Some considerations if you want to use QuadQuad2Drv. Looking at the yellow jacket, it is specified as 9A stall current. The QuadQuad2Drv drivers are specified as 6A, but have automatic current limiting at 8A. Basically, you can safely run the yellow jacket continuously at 2/3 power at 12V. Also, our boards use SPI to communicate, so consider whether your shields also use SPI and how they will interact. Our boards do have resistors on the SPI output to prevent things from blowing up should you accidentally get this wrong. Have you worked with SPI before?

Also, I just saw the price of the RoboClaw controller recommended for the yellow jacket and nearly died. It looks like a good controller, though, if you want to consider it.

I’ve received an email with another message from you, but it’s not showing on RobotShop. I’ll reply to that anyway.

It is worth noting that the BLDC motors used in RC are typically sensorless, meaning they use the EMF feedback to determine when a motor is rotating instead of using Hall sensors. This requires a higher minimum speed to produce the feedback, which isn’t a problem with RC airplanes. Also, if you have enough gearing, it won’t be a problem.

If it has Hall sensors such as the one you linked, one should be able to get some pretty good slow control out of them if it is geared (but I haven’t tried this yet). Remember without gearing you only get a 120 degree resolution and this could cause problems at the slow/stationary end. (Actually, I just realized this is rubbish. There are just three phrases, but typically many multiples per rotation, so the resolution is much higher.) The sensor signals are different from quadrature, though - for one, there are three wires instead of two. QuadQuad2Drv does not support inputs such as RC servo output (which is basically a special kind of PWM), but could in theory and it’s on my list. I thought you wanted to drive it with an Arduino, though?

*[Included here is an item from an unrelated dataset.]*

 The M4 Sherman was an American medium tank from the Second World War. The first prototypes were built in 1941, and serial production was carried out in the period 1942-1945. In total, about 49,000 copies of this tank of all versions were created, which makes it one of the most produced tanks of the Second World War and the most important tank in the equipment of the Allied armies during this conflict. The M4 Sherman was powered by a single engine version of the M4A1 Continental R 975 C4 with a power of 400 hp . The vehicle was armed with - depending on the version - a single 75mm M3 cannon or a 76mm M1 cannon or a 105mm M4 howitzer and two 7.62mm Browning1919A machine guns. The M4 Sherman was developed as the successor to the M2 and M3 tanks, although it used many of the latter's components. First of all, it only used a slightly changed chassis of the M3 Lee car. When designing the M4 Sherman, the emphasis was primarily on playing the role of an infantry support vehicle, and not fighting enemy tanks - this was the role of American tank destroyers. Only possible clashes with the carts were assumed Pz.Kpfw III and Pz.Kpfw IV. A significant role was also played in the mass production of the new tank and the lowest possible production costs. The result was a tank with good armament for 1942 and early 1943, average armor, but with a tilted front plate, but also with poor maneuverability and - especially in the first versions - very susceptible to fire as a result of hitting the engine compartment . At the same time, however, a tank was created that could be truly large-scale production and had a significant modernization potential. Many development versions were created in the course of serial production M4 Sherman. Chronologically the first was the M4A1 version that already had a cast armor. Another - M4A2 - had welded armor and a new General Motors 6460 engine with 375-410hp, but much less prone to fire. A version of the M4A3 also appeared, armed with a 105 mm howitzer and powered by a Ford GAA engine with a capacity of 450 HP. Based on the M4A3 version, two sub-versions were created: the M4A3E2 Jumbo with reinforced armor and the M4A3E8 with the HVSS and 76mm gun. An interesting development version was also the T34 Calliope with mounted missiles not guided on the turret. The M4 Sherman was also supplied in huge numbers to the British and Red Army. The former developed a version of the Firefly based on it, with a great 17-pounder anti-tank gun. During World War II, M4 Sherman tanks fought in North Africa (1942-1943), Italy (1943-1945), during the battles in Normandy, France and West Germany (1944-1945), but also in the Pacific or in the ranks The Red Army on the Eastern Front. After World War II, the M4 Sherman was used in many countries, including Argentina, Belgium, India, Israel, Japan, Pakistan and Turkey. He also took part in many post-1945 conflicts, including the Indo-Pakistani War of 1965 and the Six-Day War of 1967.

BLDC motors are awesome and I definitely want to build a controller such as the one you describe, or something that can go between the QuadQuad2Drv and such a motor. I had a quick look and found the DRV8307 IC that can drive such a motor from the QuadQuad2Drv (I’m sure there are others), but couldn’t find anything that can convert the Hall sensors to quadrature. However, you could fit an external quadrature wheel on the motor shaft.

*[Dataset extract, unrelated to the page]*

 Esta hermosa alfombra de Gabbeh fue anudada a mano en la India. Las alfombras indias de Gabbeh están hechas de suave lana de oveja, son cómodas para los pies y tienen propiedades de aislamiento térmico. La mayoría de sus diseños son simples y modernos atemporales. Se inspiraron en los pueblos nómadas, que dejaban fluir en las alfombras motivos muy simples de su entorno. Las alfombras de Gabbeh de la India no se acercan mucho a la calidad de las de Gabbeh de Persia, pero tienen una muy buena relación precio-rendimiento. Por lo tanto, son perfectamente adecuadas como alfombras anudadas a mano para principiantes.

If you want to use a BLDC motor with hall feedback controlled from Arduino, I expect you’d find speed controllers specifically for this purpose. If not, let me know as you may have discovered a market gap worth filling.

I’ve deleted my question, because I realized the answer with further searching.
I’ve come to a conclusion for now, I’ll see how that really works in practice.
I ordered this geared BLDC now.
Built-in driver, 830rpm rated.
I thought 830rpm/60s=~14rps is quite fast for my purpose, but it seems that I can control a standard PWM Pin on the Mega with a 0-255 accuracy, so 830rpm/60s/255=0.05 rotations per second is reaaally slow and even beyond the level of control that I need.
If it turns out to be wild, I might have to go back to the yellow jacket & QQ2D plan.

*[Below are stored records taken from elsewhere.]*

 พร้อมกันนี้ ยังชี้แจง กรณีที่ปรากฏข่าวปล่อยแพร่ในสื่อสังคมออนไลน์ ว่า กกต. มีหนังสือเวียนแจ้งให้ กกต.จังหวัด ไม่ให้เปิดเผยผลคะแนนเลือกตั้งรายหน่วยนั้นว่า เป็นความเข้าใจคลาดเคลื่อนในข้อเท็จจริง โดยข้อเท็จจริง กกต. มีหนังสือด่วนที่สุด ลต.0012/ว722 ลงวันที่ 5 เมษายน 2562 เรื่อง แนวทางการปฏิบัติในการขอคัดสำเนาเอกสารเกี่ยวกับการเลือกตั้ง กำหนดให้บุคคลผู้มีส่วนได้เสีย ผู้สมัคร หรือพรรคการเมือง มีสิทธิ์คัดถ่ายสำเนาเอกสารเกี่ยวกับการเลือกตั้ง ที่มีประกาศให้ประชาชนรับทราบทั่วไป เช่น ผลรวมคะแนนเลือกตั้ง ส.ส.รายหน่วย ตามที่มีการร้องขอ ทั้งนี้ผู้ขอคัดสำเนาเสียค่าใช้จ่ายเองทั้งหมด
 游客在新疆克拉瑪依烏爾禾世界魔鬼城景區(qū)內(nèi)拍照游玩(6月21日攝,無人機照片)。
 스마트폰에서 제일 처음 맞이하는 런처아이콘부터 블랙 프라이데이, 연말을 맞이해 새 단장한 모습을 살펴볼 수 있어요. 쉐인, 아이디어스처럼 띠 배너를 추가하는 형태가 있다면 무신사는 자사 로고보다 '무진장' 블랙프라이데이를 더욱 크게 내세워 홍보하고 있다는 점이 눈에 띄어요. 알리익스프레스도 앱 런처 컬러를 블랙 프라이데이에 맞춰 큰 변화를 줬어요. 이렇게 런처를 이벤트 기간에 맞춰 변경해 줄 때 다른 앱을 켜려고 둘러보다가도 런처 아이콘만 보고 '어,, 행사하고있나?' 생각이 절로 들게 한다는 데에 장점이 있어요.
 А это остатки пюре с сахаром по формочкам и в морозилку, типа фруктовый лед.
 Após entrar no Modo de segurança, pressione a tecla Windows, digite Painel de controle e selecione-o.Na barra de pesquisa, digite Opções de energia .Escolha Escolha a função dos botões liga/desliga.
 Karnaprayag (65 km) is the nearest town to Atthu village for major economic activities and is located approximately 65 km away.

I also ordered this 25K Poti pedal for master speed control :star_struck:
There was also a 250K version for “passive elements”, i.e. passive PickUps on a guitar (working in the 0~800mA range), but as far as I could find out, Arduino seems to like 10-50K Potis more in general. I also want to go into the pedal’s input 6,3mm Stereo Klinke Jack with 5VDC, thinking it will give me a fraction out with the 25K poti in between, on an input pin.
Also, acoustic Potis seem to be LOG- not LIN-Pots, which probably helps my cause (more granual control in the lower rpms, speed up once the values are found).

Thanks a lot for your help, I’ll tell you about my experiences once the parts arrive.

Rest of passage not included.